Loaded gpt-3.5-turbo-0613 for short context cases and gpt-3.5-turbo-16k for long context inferences.


## Establish the research background

- We first establish the experties we need to perform the research. Based on that, we ask our model to act like an expert in that field.
- The expert GPT-small-instance-expert first generates search phrases out of the idea described above to search.
- Next, we use those phrases to find relevant paper.
- GPT-small-instance-expert then goes through those papers and rate them to extent to which they are relevant to out idea.
- It also generate a short reasons why that score was given.


In [15]:
prompt = "Here is a research proposal:\n"+idea_text+'\n If a professor is going to research this propsoal, what would the professor be expert at? Generate the answer in the format of "You are an expeert in the field of XXX"'
researcher_spec, response = short_context_model.get_llm_response(prompt)

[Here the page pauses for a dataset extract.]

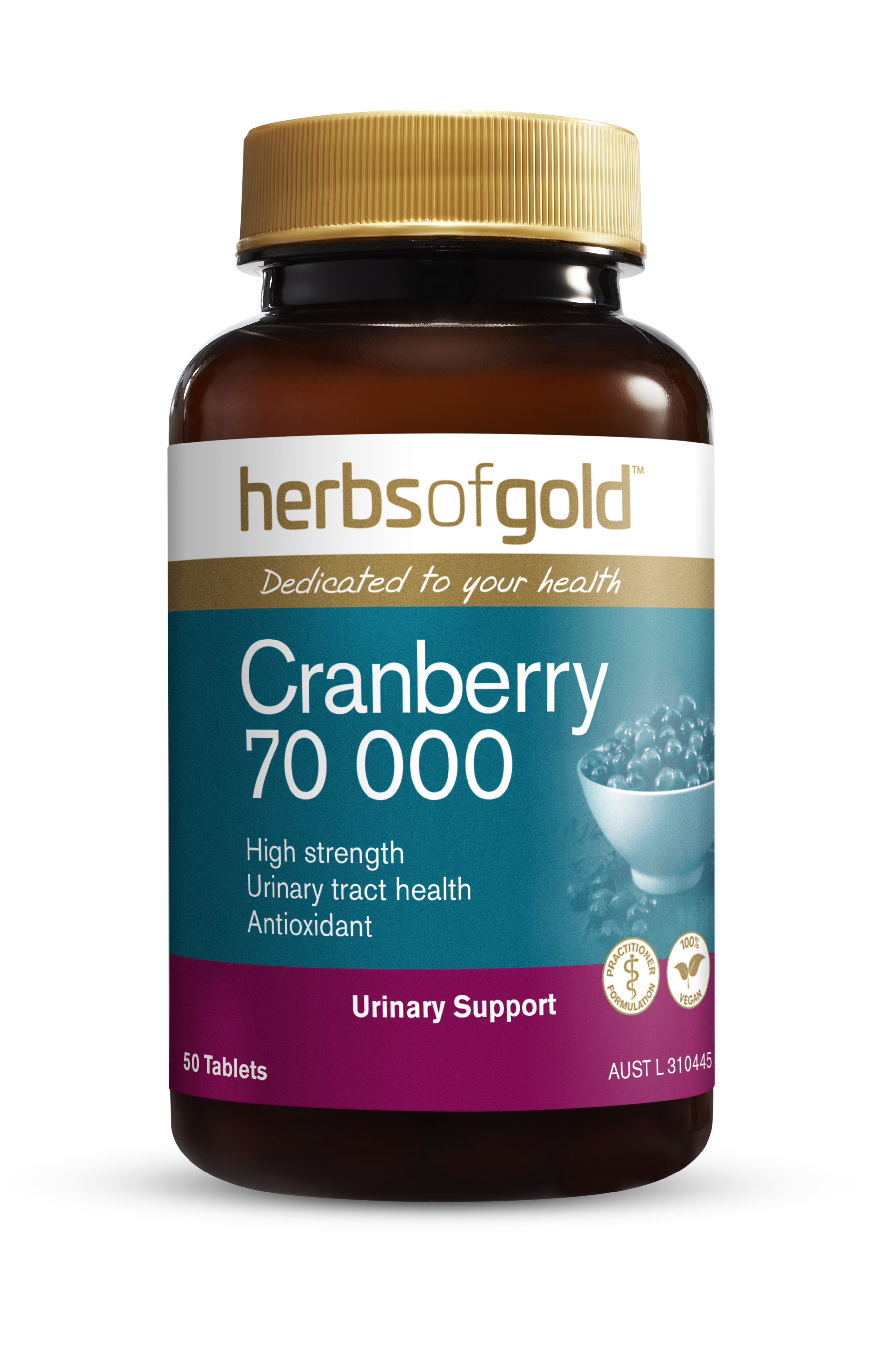 Herbs of Gold Cranberry 70 000 is a high-strength supplement specifically formulated to support urinary tract health.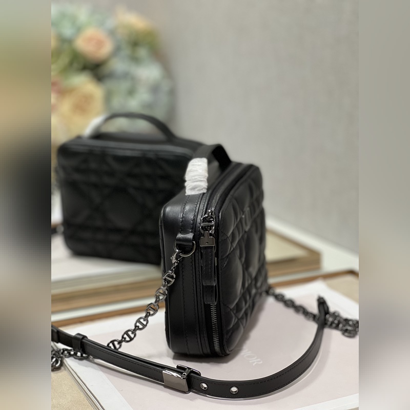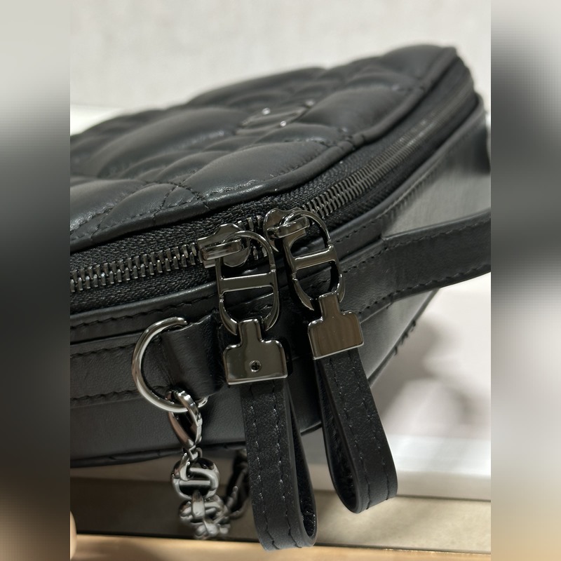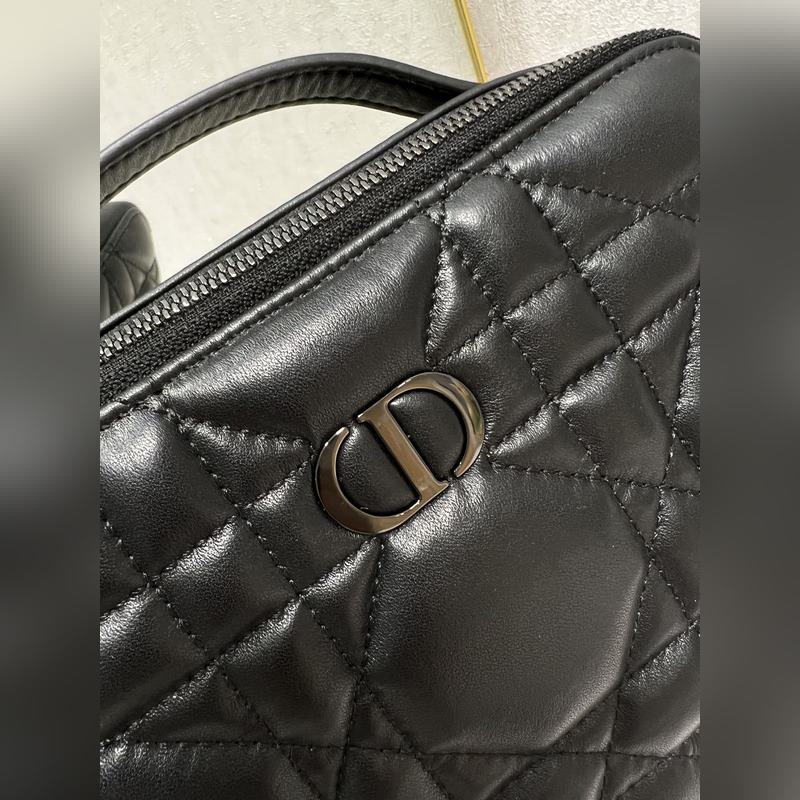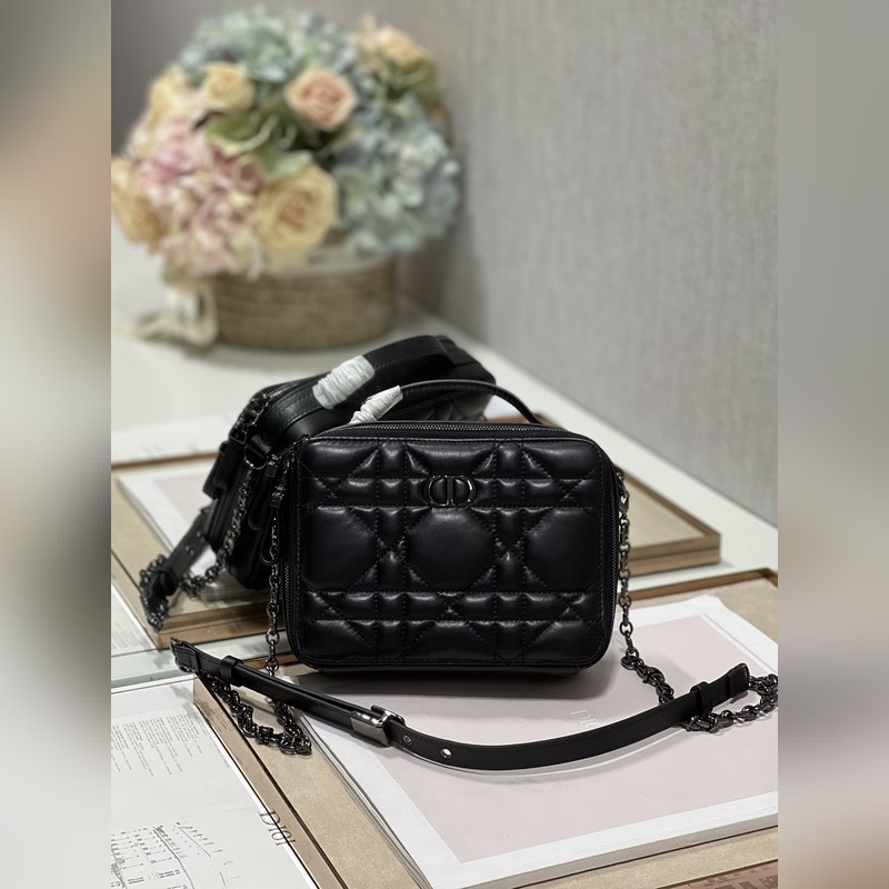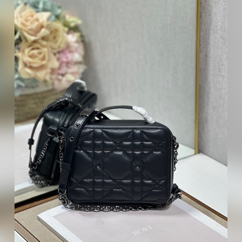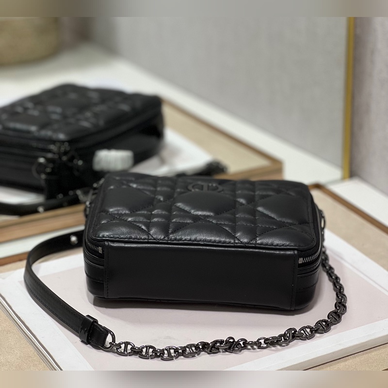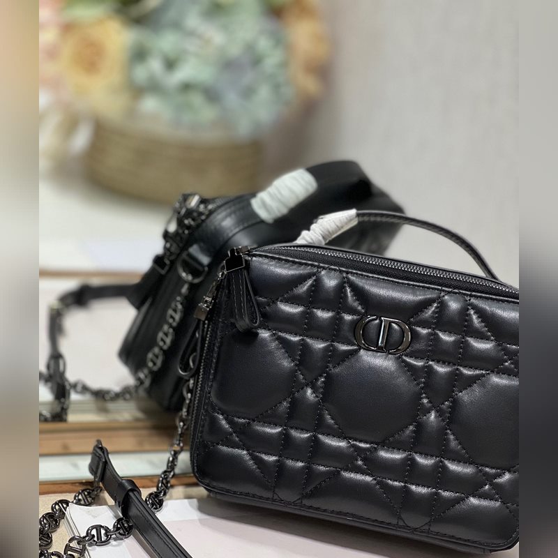 정품 디올 카로 박스형 체인 핸드백 검은색 소가죽으로 제작되었으며 특이

researcher_spec += " You are the best in the world in this field. "
print(researcher_spec)

You are an expert in the field of social cognition and social perception, specifically in relation to age-related changes and individual differences. You are the best in the world in this field. 


In [16]:
prompt = f'{researcher_spec} \n\nHere is a description of an idea: {idea_text}. \n Generate 5 search phrases to search in Google for related articles. Generate the search phrases in a json format, with fields of "search phrase X", where X is the number. Include nothing but this json format output in your response.'
final_response, response = short_context_model.get_llm_response(prompt)

parsed_data = json.loads(final_response)
search_phrases = []
for i in parsed_data.keys():
    search_phrases.append(parsed_data[i])
print('Here are search phrases i suggest: ', search_phrases)

with open(working_dir + 'search_phrases.txt', 'w') as f:
    f.write('\n'.join(search_phrases))

print('Current cost: ', short_context_model.get_current_cost())

Here are search phrases i suggest:  ['age-related changes in social cognition and social perception', 'individual differences in social perception across the lifespan', 'neurocognitive mechanisms underlying age-related differences in social perception', 'inter-individual differences in social perception function', 'role of amygdala and locus coeruleus in social perception functions']
Current cost:  0.0031865


In [17]:
# Get a summary of the idea. 

prompt = researcher_spec+"\n\nSummarize this research idea to a concise paragraph while make sure it does not loose any important message or question:\n"+idea_text
idea_text_summary, response = short_context_model.get_llm_response(prompt)

with open(working_dir + 'idea_summary.txt', 'w') as f:
    f.write('Idea: \n\n')
    f.write(idea_text)
    f.write('\n\n idea summary:\n\n')
    f.write(idea_text_summary)

print('Here is a summary of your idea: \n', idea_text_summary)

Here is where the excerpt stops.